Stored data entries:
---------------
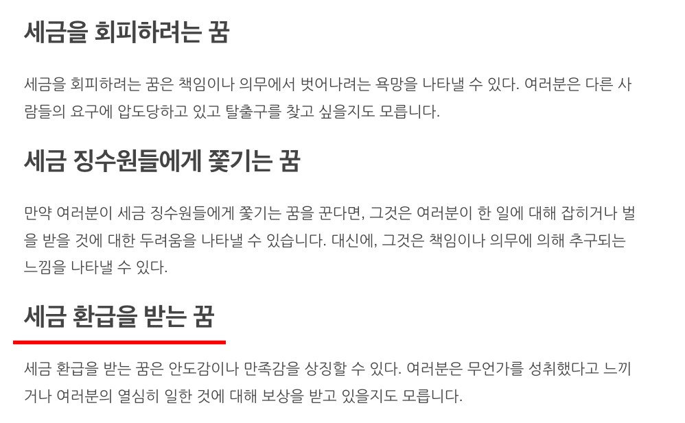 최근 꾼꿈으로 세금 환급을 받는 꿈에 대해서도 조회해 보았습니다. 세금 환급을 받는 꿈은 무엇인가를 성취하거나 열심히 일한 것에 대한 보상을 받는다는 것을 의미합니다.
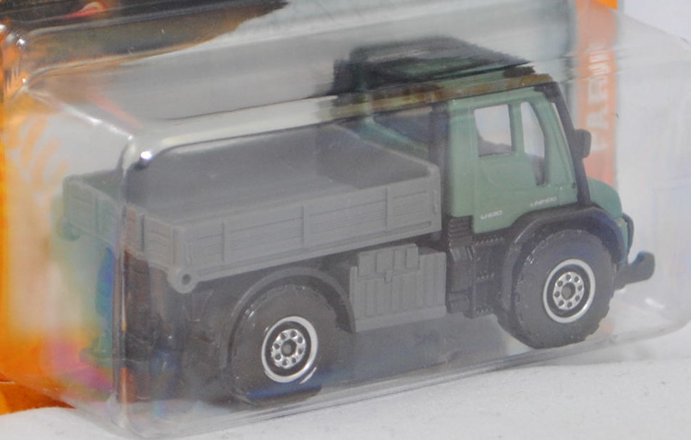 Mercedes-Benz Unimog U 530 (4. Generation, Modellreihe: Geräteträger, Baureihe Unimog 405, MoPf (Modellpflege) 2013 zum Modelljahr 2014, Variante UGE (Unimog Geräteträger Evotution), Kühlergrill mit einem Mittelsteg und integriertem Mercedes-Benz-Stern, Freisichtfahrerhaus, Scheibenwischer oben am Dach befestigt, Baumuster 405.202, Unimog = Universal-Motor-Gerät, Fahrerhaus mit 2 Sitzplätzen, Innenmaße Kipppritsche Länge x Breite = 2650 x 2200 mm, Ausstattungslinie U 530 mit Pritsche: Taglicht-Scheinwerfer geschützt in Stoßfänger + automatisches Fahrlicht + Einstiegsleuchten im Aufstiegsbereich + Freisichtfahrerhaus aus Faserverbundwerkstoff kippbar + tief nach unten gezogene Windschutzscheibe aus Verbundglas + Tiefsichtfenster in den Türen + großes Rückwandfenster + elektrisch verstellbare und beheizbare Außenspiegel + dreistufige Scheibenwischanlage oben mit Intervallschaltung + Multifunktionslenkrad + Sitze mit integrierten 3-Punkt-Sicherheitsgurten + Türverkleidung mit Armlehne und Flaschenhalter + drei Einzel-Sonnenblenden + 3 Kleiderhaken + Integralträger für Frontanbauplatte + Luftansaugung hochgezogen + Abgasanlage mit Endrohr nach oben + Nebelschlussleuchte + Rückfahrscheinwerfer + durchgehender formstabiler Leiterrahmen, Sonderausstattung gegen Mehrpreis: Fahrerhaus-Überrollschutz für EU-Traktorzulassung + Sonnenblende außen + Dreiseiten-Kipppritsche, Leergewicht 9400 kg, zulässiges Gesamtgewicht 16500 kg, vollsynchronisiertes Mercedes-Benz Wendegetriebe mit 8-Gang-Schaltgetriebe (in zwei Schaltgruppen), permanenter Allradantrieb, Motor: Mercedes-Benz Typ OM 906 LA stehender wassergekühlter Sechszylinder-Reihen-Viertakt-Turbo-Diesel mit Common-Rail-Direkteinspritzung und zwei obenliegende Nockenwellen (DOHC = Double Overhead Camshaft) sowie 4 Ventile pro Zylinder und Ladeluftkühler sowie 7698 cm³ und 299 PS, Baumuster Motor 936.971, Radstand 3350 mm, Länge 4050 mm, Modell 2013-) (Nr. 251A), Fahrerhaus und Motorhaube resedagrün, innen staubgrau, Sitze staubgrau, Lenkrad staubgrau, Fahrerhaus-Überrollschutz schwarz, Sonnenblende schwarz, Druck Mercedes-Benz-Stern in silber auf schwarz im Kühlergrill, Druck Warntafeln in rot/weiß rechts und links auf der Frontseite der Motorhaube, Pritsche staubgrau, Luftansaugstutzen schwarz, Auspuff schwarz, Stufen zum Fahrerhaus schwarz, Batteriekasten auf der rechten Seite staubgrau, Tank auf der linken Seite staubgrau, Radkästen schwarz, Fahrgestell schwarz mit Anhängerkupplung (AHK), 8-Loch-Felgen in chrom (Mercedes-Benz Unimog Stahlscheibenräder Größe 9 x 22,5 mit Bereifung 385/65 R 22,5), majorette, ca. 1:83, Blister (FARM Premium Vehicles) (EAN 3467452077269 / 3467452080436)
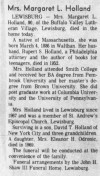 - [S9582] The Daily Item, Sunbury PA, Newspaper, obituary notice Margaret L Holland, published 24 Jan 1977 p 8.
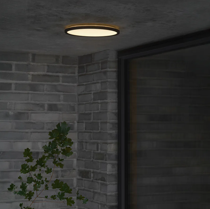 Oja je ultra tenké venkovní stropní svítidlo s elegantním, minimalistickým designem a vysokým stupněm krytí (IP54).
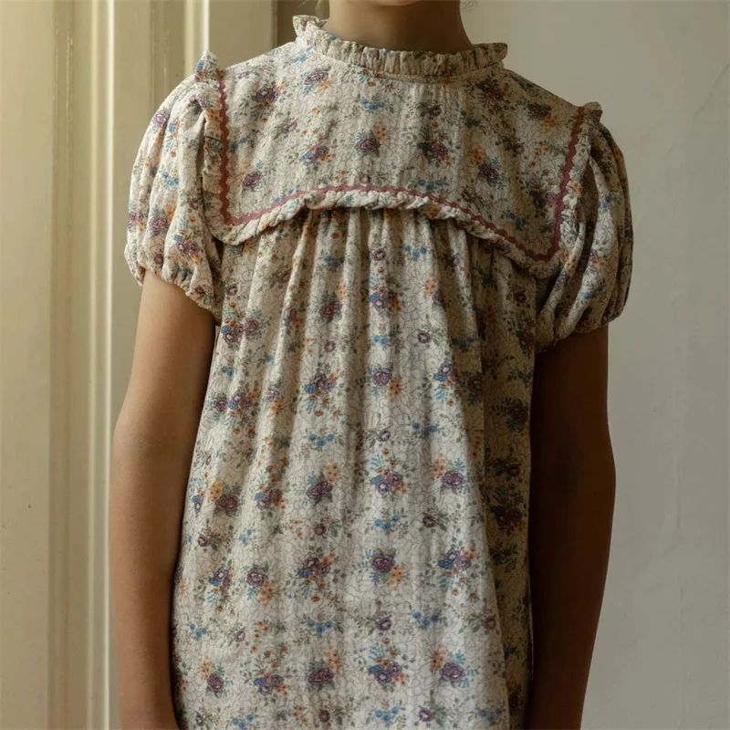EnkeliBB брендовая блузка с цветочным узором для маленьких девочек, дизайнерская одежда для девочек, милая стильная модная детская одежда с цветочным узором
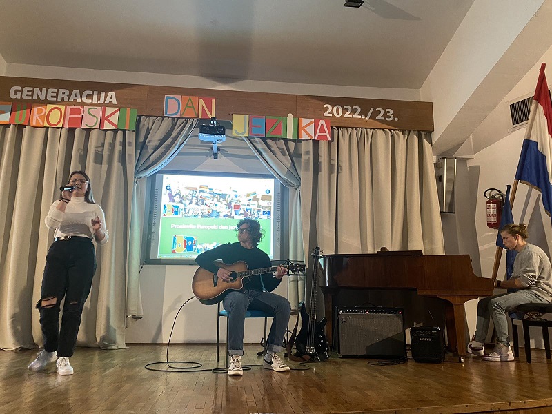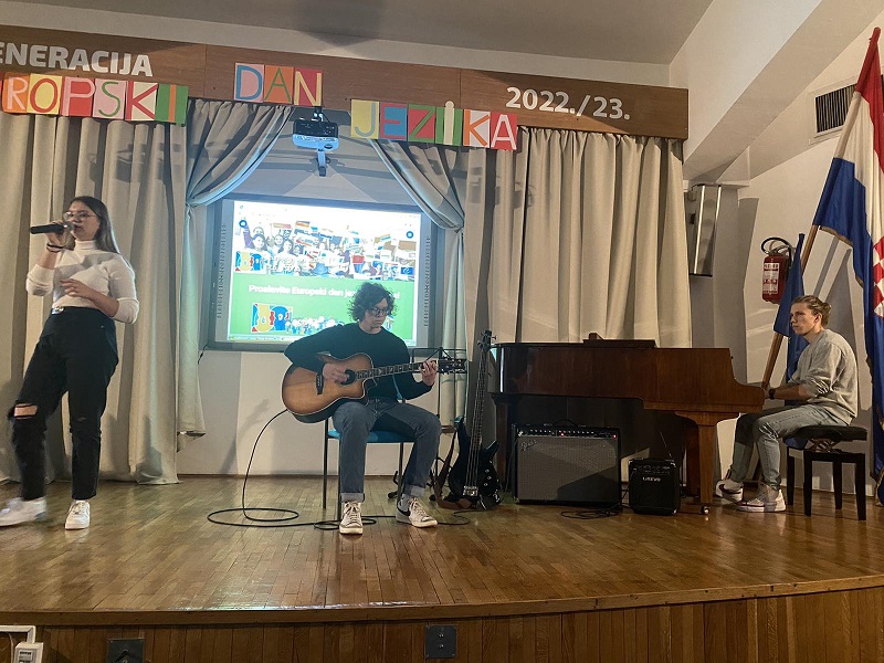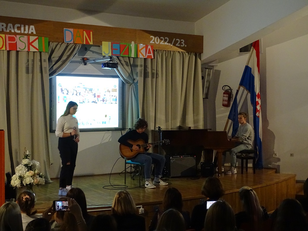 Kasnije su učenici Tin Petrinjak na gitari, Robert Blum na klaviru i Ivana Kos, vokal, izveli pjesmu Layla (Eric Clapton) kako bi ukazali na važnost učenja jezika i kroz glazbu.
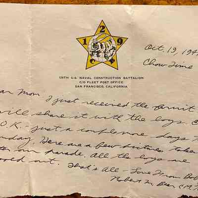 The stationary is lightweight and is one page and written on only one side. The stationary shows at top a five pointed star. In each point is a number or letter that spells out 129CB for the 129th Construction Battalion. In that center of the star is the Seabee emblem of the fighting Bumble Bee over the top of a globe.
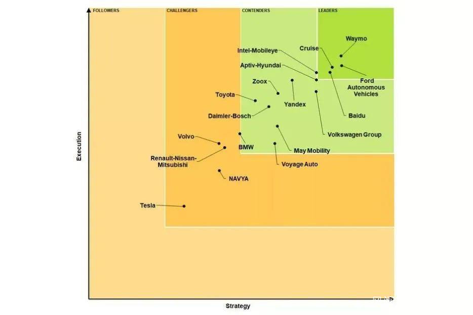 這張圖片出自Navigant Research Autonomous Leadership,每當有人説特斯拉自動駕駛不行的時候,這張圖片就會出現。在這張圖中,特斯拉的自動駕駛排名墊底。
---------------
TASK GOAL |
Locate "Oja je ultra" in the entries above. Copy, exactly and only, the lines from that line to the end, leaving out the pictures.

REPLY |
 Oja je ultra tenké venkovní stropní svítidlo s elegantním, minimalistickým designem a vysokým stupněm krytí (IP54).
EnkeliBB брендовая блузка с цветочным узором для маленьких девочек, дизайнерская одежда для девочек, милая стильная модная детская одежда с цветочным узором
 Kasnije su učenici Tin Petrinjak na gitari, Robert Blum na klaviru i Ivana Kos, vokal, izveli pjesmu Layla (Eric Clapton) kako bi ukazali na važnost učenja jezika i kroz glazbu.
 The stationary is lightweight and is one page and written on only one side. The stationary shows at top a five pointed star. In each point is a number or letter that spells out 129CB for the 129th Construction Battalion. In that center of the star is the Seabee emblem of the fighting Bumble Bee over the top of a globe.
 這張圖片出自Navigant Research Autonomous Leadership,每當有人説特斯拉自動駕駛不行的時候,這張圖片就會出現。在這張圖中,特斯拉的自動駕駛排名墊底。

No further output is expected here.